Вскоре после его смерти, в июле 1989 года из издательства Residenz мне прислали книгу Бернхарда In der H?he. К сожалению, автор не дождался и не смог увидеть готовый экземпляр. Книга поразила меня, вызвав ощущение дежавю. На обложке – сухие ветви на бледном фоне с несколькими неброскими цветными пятнами. Этот рисунок сделал не Спиллиарт, но мог бы. Обложка была не из глянцевой бумаги, как во всех книгах Residenz, а из матовой, того же типа, что используем мы. Типографическое оформление страницы было таким же, как в серии Современная проза Adelphi, в которой вышли первые тома автобиографии Бернхарда. Я позвонил в Residenz, спросил, чем объясняются изменения, из-за которых эта книга отличалась от всех прочих книг издательства. Мне сказали, что такова была воля Бернхарда. Более того, он поставил условие, что книга должна была выглядеть именно так. Я воспринял это как прощание.
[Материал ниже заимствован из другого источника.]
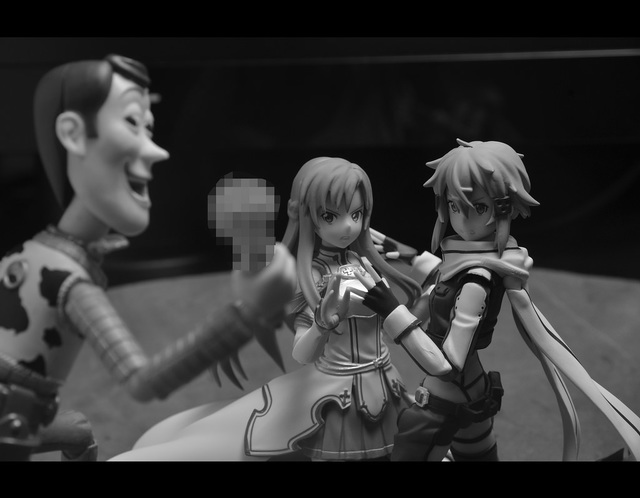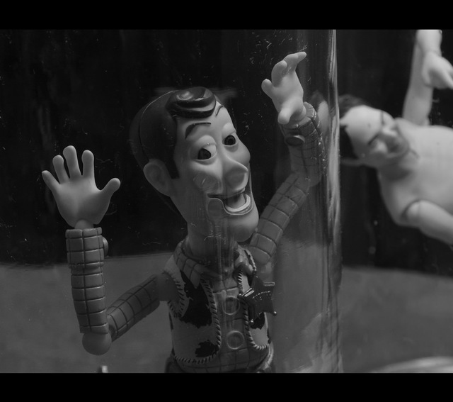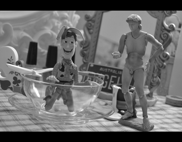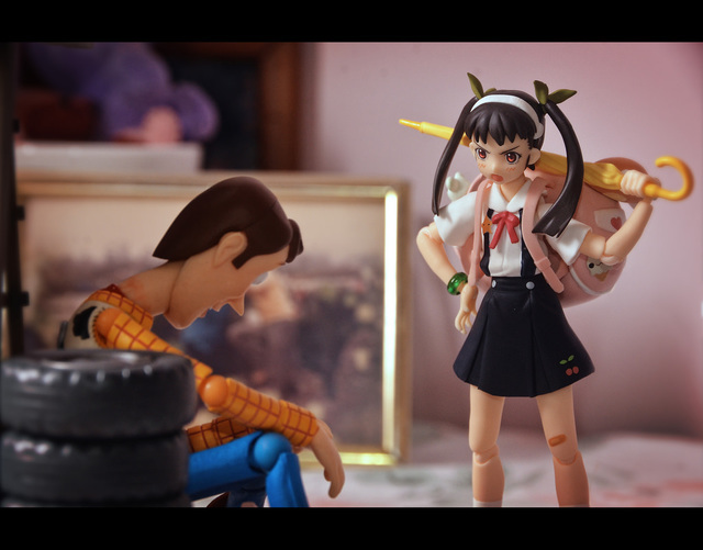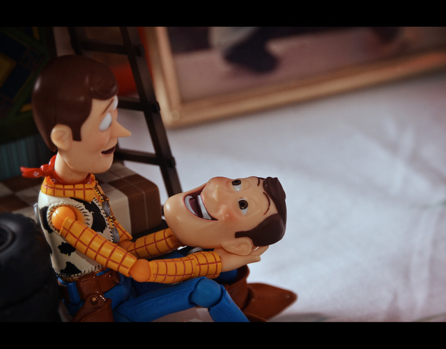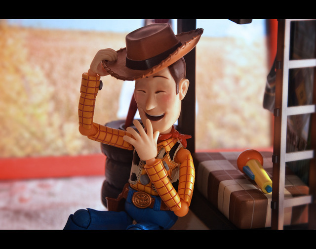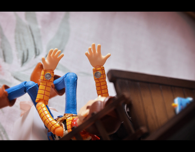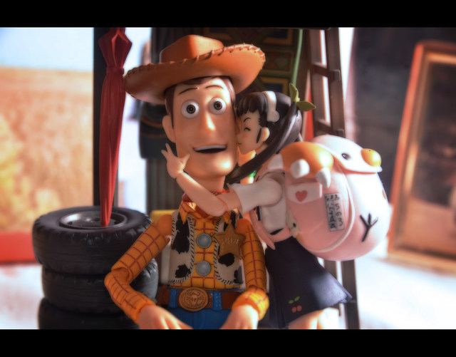 因為受某個遊戲刺激,我就很想用玩具拍個什麼,看到胡迪覺得他真的很可憐,風靡全球的一世英名就這樣敗在海洋堂手上XD同時他也算是跟我感情感最深的人偶吧,很常拿起來玩,連在我的個展都化身為作品了!

С годами и с опытом, через ошибки и исправления, в поиске подходящих для книг Библиотеки изображений уточнялись некоторые критерии: прежде всего, в принципе избегать старых мастеров, слишком узнаваемых художников и слишком расхожих изображений, потому что некоторый элемент сюрприза – в самом изображении или в сочетаниях – был необходимым требованием (но в этом, как и во всем остальном, бывали исключения: например, фиалки Дюрера в издании Марины Цветаевой); и выявлять тех художников, которые, по трудно объяснимым причинам, словно почувствовали, вне зависимости от того, в какую эпоху они жили, призвание становиться обложками, которое их, возможно, смутило бы (одним из них был Блейк); кроме того, охотно брать изображения некоторых великих, но малоизвестных мастеров (как Спиллиарт) или художников, так и не получивших полного признания (как Валлоттон) или еще не воспринятых широкой публикой (как Хаммерсхей). В общем, выбрать своего рода клуб единомышленников, готовых прийти на помощь в самых разных случаях: Джордж Тукер (для Кундеры, Берроуза, Кунце, Набокова, Сакса, Шаша), Алекс Колвилл (для Мутиса, Сименона, Кристины Стид, Пирсига), Эльце (для Бенна, Сакса, Берроуза, Шаламова, К.С. Льюиса), Мередит Фрэмптон (для Набокова, Мюриэль Спарк, Айви Комптон Бернетт, Генри Грина).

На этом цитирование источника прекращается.